The Humane Society of Delaware County (HSDC) is running business as normal during the current COVID-19 pandemic. Animals are being cared for, the pet food pantry is still giving out food, and animals are still being adopted.
Located at 4920 state Route 37 E. in Delaware, HSDC is a limited intake shelter, meaning it only takes in animals the shelter believes it can help when capacity is available to do so. The shelter operates under this model so that euthanasia is not a primary mode of care for the animals.
Currently, there are 108 residents at HSDC. The shelter is able to take in just about any creature one can think of, but for the most part, it houses cats and dogs.
Executive Director Jana Cassidy said cats make up about 70% of the population at the shelter, which she explained is because owners often believe cats can take care of themselves and are simply released into the wild. From there, if the animal isn’t spayed or neutered, it can breed rapidly, creating even more cats in need of loving homes.
Cassidy added a majority of the funding for the shelter comes from fundraisers and donations. Earlier this month, after Gov. Mike DeWine set limits to the number of people who could gather, the shelter was forced to postpone one of its largest fundraisers, the annual Fur Ball Gala.
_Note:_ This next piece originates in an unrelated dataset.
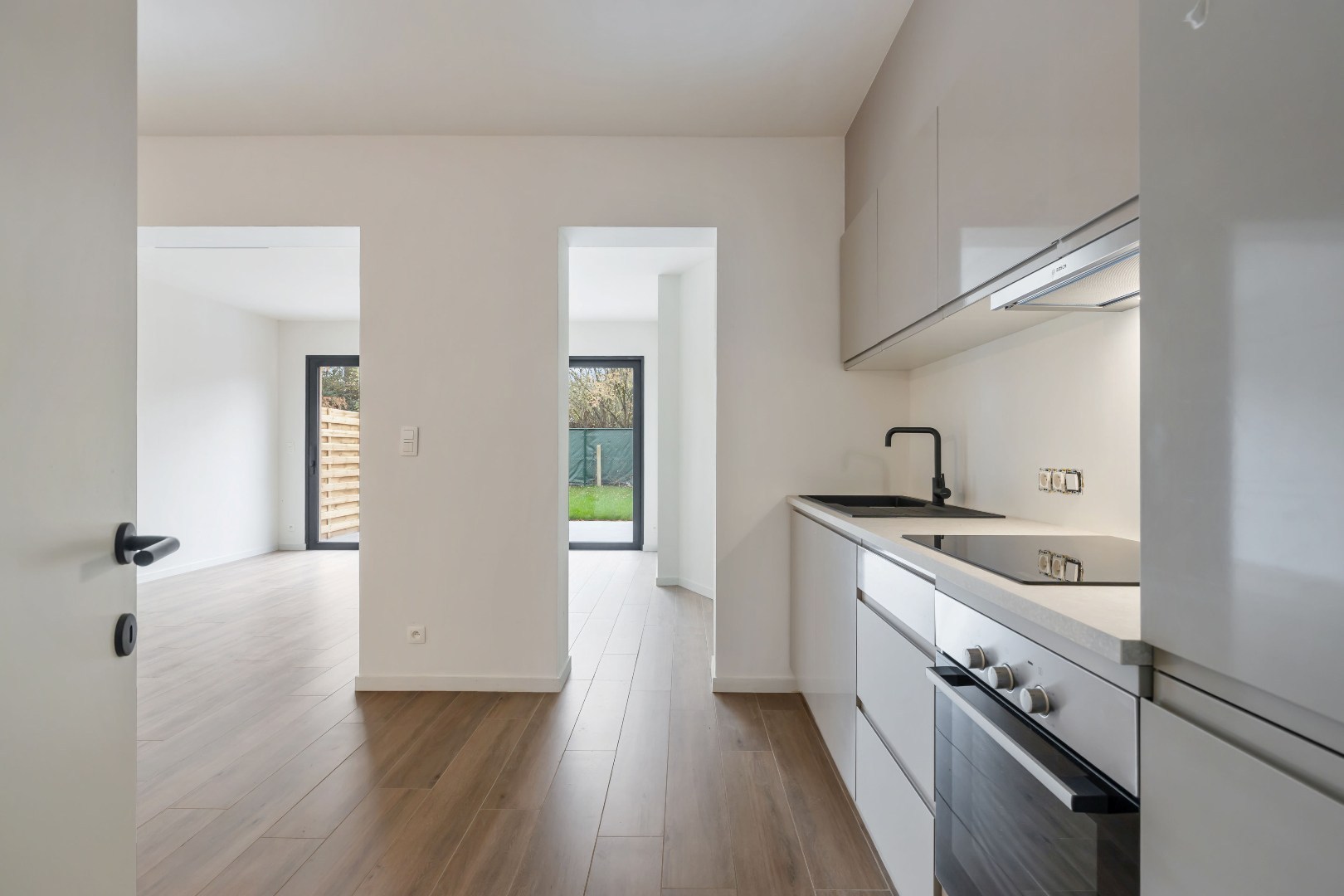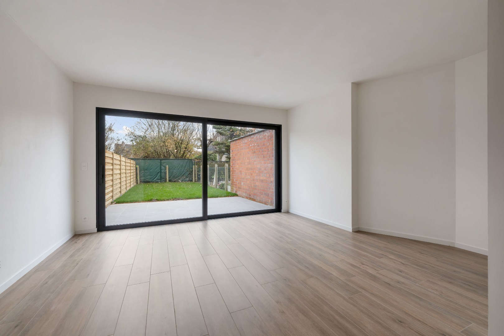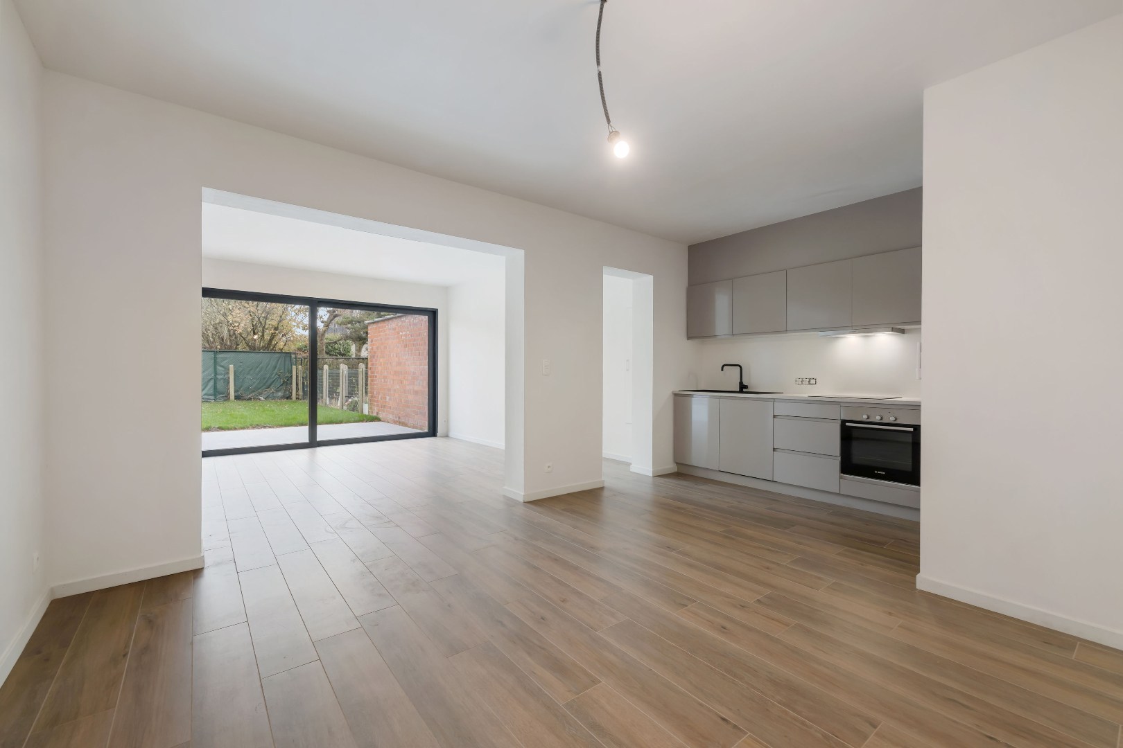 Binnenin valt meteen de lichte leefruimte op, met een grote raampartij die uitkijkt op de aangelegde tuin. De ingerichte keuken sluit hier mooi op aan en vormt een gezellige thuisbasis voor kook- en leefmomenten. Verder zijn er twee aparte toiletten en heel wat praktische bergruimte, inclusief een handige plek voor fietsen.

Normally held in March, the event was pushed to October, causing the shelter to lose a large influx of funds. Those funds are used to pay for vaccines, staff payment, and utility bills.
According to an article from Bloomberg, cities that are epicenters of the disease are rapidly running out of pets to foster. With people staying at home, many are turning to furry companions by either adopting or fostering them. Shelters are concerned that the tides will turn and as people begin to be financially impacted, they may decide to surrender their pets if they can’t properly care for them.
For pet owners who are struggling, Cassidy encourages them to reach out to the shelter to explore the options available to them.
“Can we provide them with food to keep that animal in the home? Can we provide them with medical care for that animal? What can we do that possibly will keep that animal in a safe environment at home rather than in our building?,” Cassidy said.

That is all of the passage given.